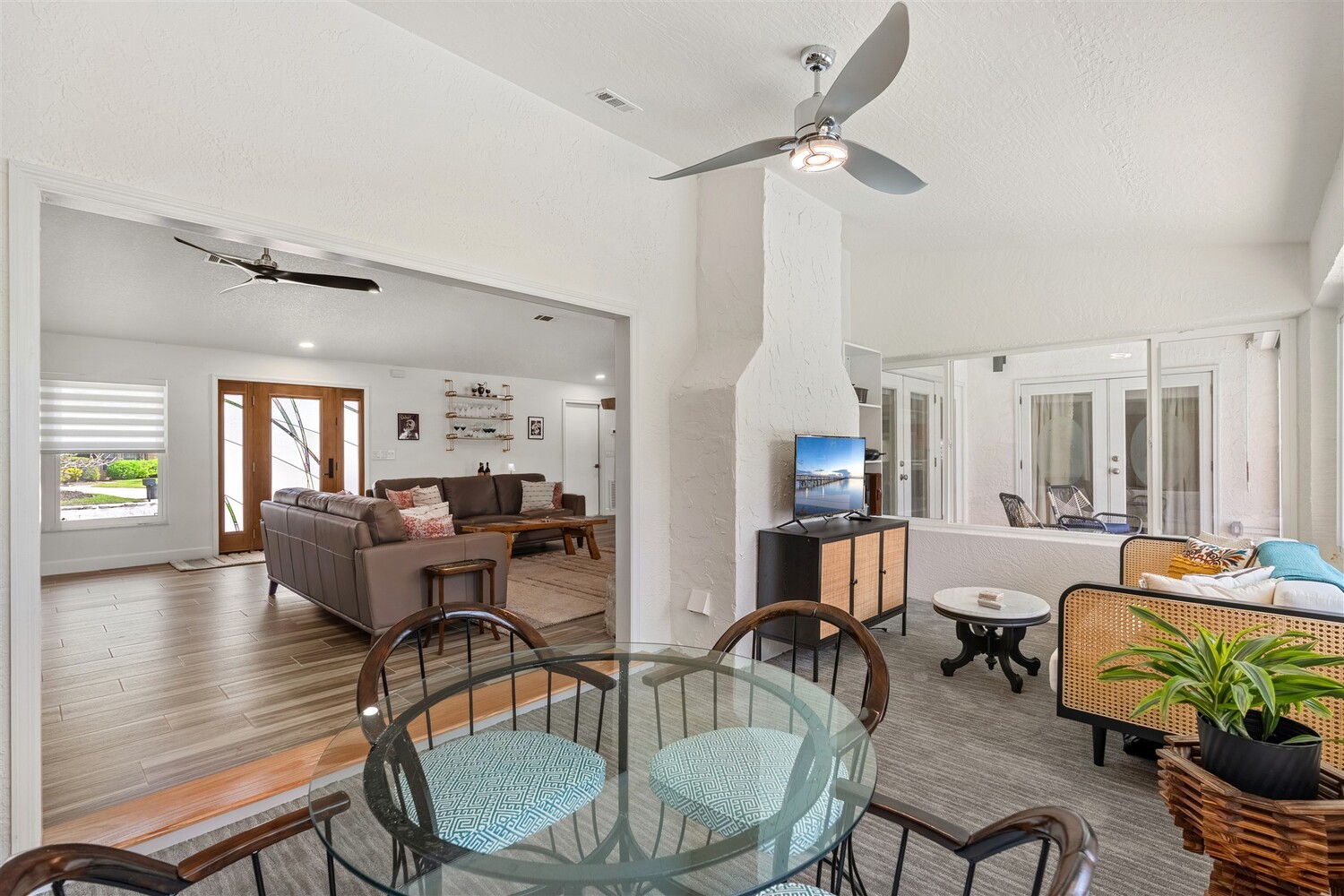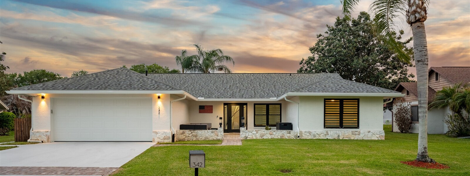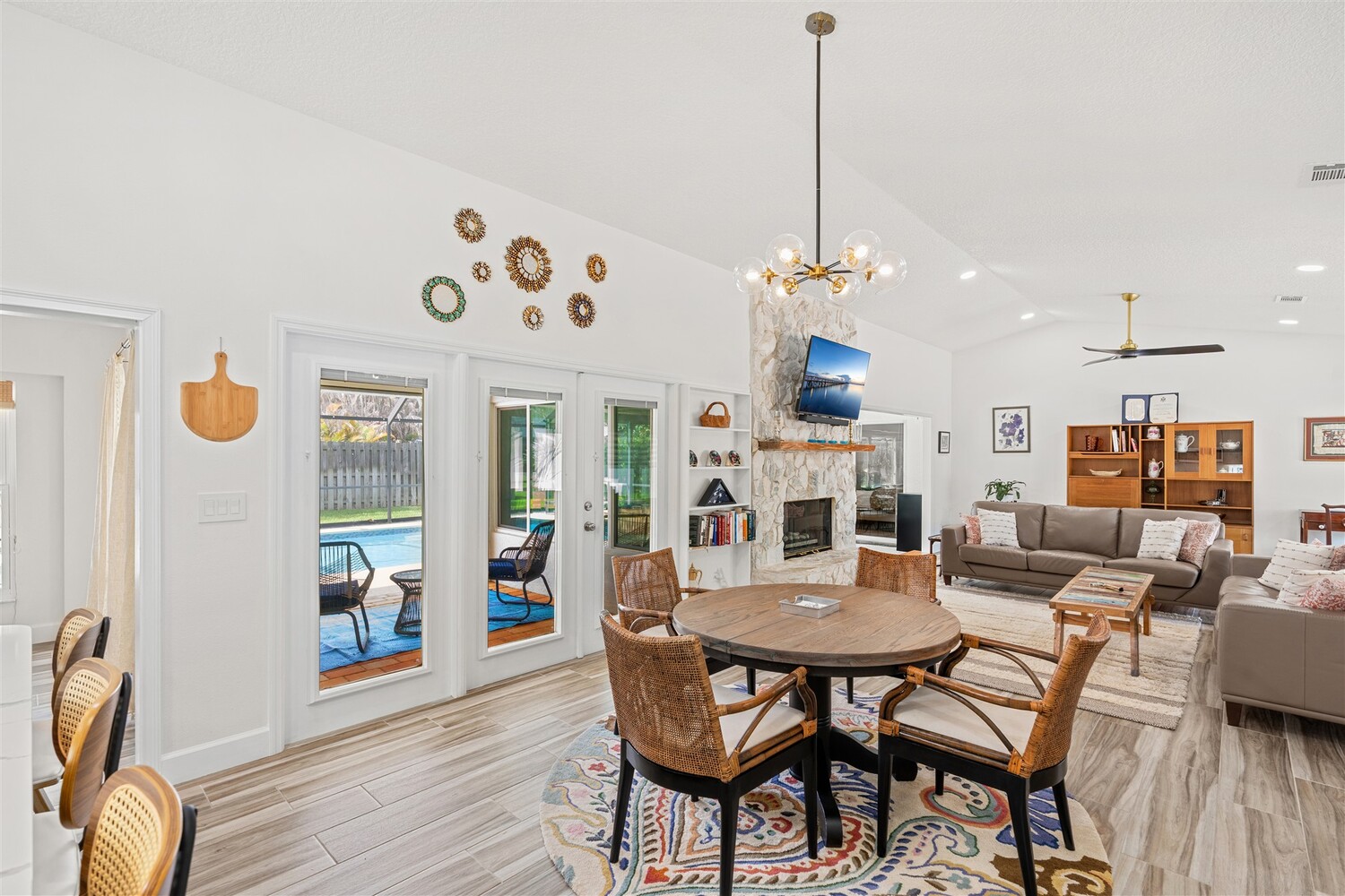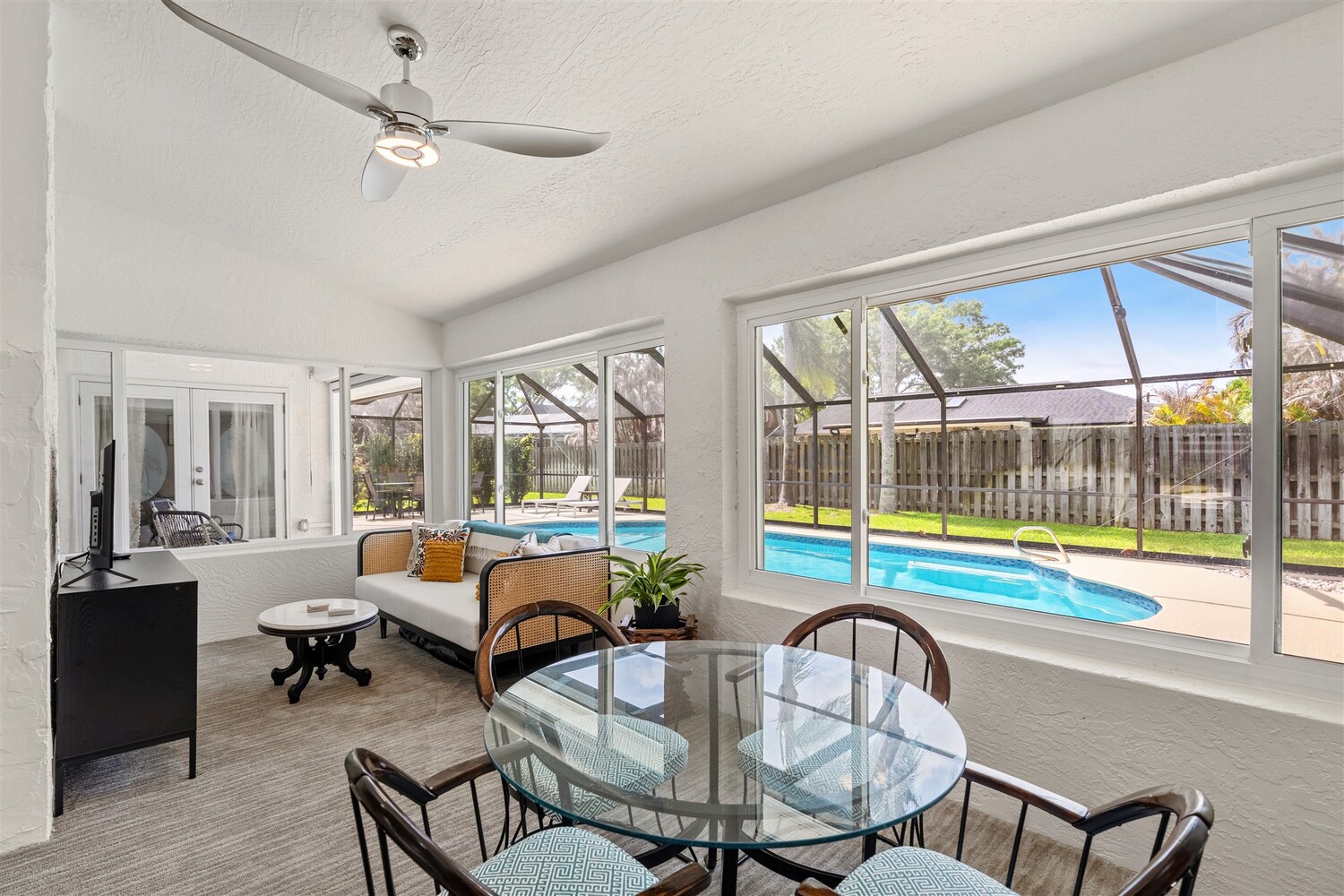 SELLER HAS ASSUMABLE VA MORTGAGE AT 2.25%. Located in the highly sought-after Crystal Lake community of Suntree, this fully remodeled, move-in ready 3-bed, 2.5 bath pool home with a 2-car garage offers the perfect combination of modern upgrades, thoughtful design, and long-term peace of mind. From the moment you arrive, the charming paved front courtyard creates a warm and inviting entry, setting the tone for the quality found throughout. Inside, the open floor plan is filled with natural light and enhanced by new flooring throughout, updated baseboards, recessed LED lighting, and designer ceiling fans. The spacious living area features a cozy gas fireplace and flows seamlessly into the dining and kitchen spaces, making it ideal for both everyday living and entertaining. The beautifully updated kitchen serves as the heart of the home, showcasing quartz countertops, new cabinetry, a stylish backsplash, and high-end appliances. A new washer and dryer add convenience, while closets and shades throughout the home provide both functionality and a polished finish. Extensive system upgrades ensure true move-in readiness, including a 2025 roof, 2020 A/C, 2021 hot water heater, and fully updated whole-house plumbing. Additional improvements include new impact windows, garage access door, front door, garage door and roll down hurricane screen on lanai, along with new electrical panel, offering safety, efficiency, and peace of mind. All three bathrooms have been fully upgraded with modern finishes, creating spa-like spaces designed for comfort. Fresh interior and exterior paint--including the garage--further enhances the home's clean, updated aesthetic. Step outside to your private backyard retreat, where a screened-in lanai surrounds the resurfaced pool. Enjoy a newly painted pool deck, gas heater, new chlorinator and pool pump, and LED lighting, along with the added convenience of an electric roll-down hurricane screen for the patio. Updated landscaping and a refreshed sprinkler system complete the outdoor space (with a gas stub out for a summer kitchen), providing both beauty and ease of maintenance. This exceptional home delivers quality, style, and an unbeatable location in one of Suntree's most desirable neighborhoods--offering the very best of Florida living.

------------

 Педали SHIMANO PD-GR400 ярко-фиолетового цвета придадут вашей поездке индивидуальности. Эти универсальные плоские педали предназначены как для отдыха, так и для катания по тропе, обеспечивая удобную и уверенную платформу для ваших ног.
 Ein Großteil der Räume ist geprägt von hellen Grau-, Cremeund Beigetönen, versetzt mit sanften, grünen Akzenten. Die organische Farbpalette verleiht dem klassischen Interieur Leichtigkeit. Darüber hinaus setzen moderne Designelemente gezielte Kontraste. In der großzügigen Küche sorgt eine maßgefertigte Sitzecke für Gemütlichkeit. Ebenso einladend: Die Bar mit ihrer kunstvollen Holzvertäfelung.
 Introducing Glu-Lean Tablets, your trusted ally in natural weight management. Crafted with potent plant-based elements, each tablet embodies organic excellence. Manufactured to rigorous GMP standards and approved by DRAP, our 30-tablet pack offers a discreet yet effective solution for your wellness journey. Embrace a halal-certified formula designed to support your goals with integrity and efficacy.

------------

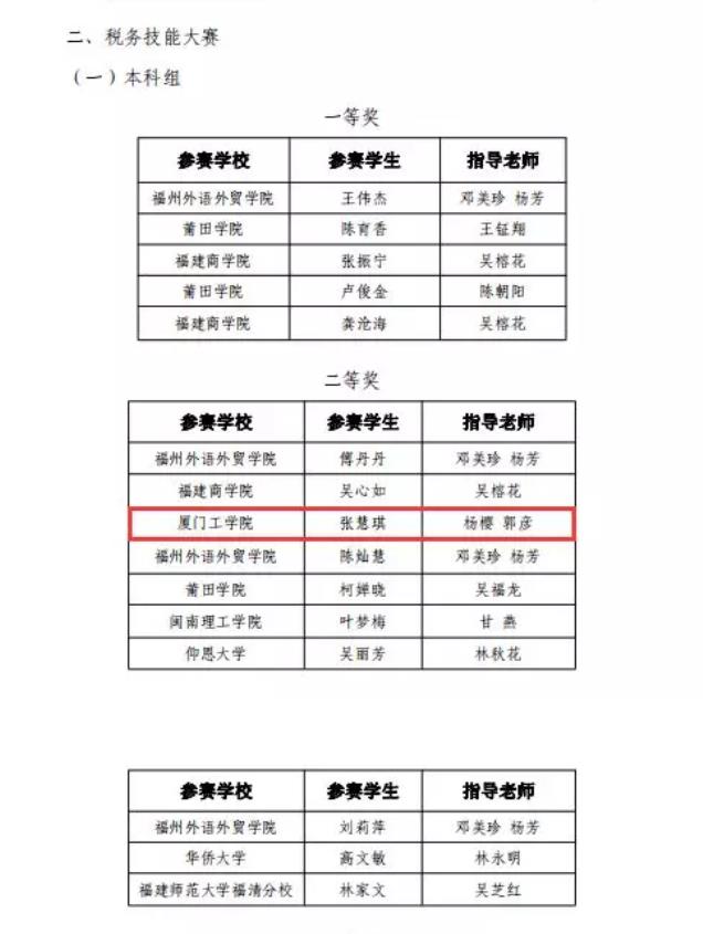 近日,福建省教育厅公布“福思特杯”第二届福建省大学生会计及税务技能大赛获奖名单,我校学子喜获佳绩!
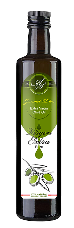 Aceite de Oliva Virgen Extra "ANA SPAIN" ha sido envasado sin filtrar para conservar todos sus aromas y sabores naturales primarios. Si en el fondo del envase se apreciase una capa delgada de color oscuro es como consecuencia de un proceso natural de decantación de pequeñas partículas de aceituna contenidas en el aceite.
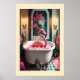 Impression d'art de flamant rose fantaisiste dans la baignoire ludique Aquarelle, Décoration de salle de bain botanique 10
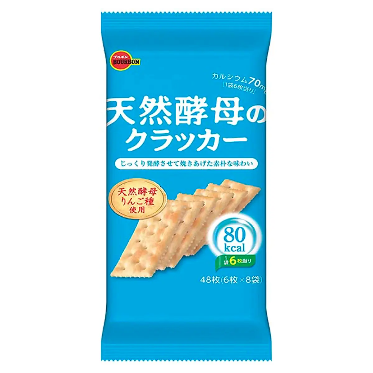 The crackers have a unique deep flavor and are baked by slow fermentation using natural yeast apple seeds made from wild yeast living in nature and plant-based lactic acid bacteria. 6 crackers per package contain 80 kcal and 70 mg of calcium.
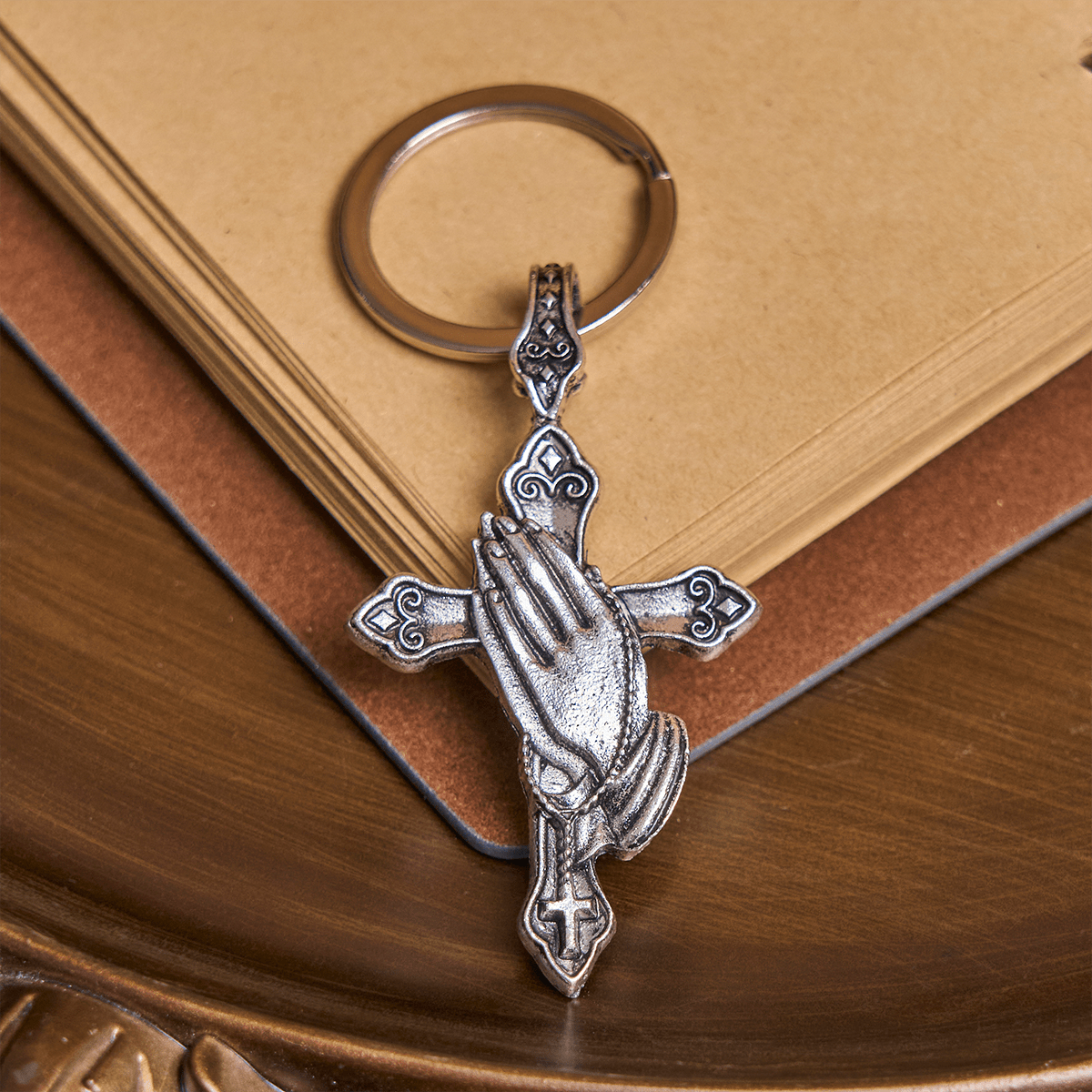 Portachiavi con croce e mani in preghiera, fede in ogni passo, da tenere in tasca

------------

Above are records with pictures. Reproduce exactly only the lines from the line with "Aceite de Oliva" through the line with "Portachiavi con croce", both ends included, and leave the pictures out.

 Aceite de Oliva Virgen Extra "ANA SPAIN" ha sido envasado sin filtrar para conservar todos sus aromas y sabores naturales primarios. Si en el fondo del envase se apreciase una capa delgada de color oscuro es como consecuencia de un proceso natural de decantación de pequeñas partículas de aceituna contenidas en el aceite.
 Impression d'art de flamant rose fantaisiste dans la baignoire ludique Aquarelle, Décoration de salle de bain botanique 10
 The crackers have a unique deep flavor and are baked by slow fermentation using natural yeast apple seeds made from wild yeast living in nature and plant-based lactic acid bacteria. 6 crackers per package contain 80 kcal and 70 mg of calcium.
 Portachiavi con croce e mani in preghiera, fede in ogni passo, da tenere in tasca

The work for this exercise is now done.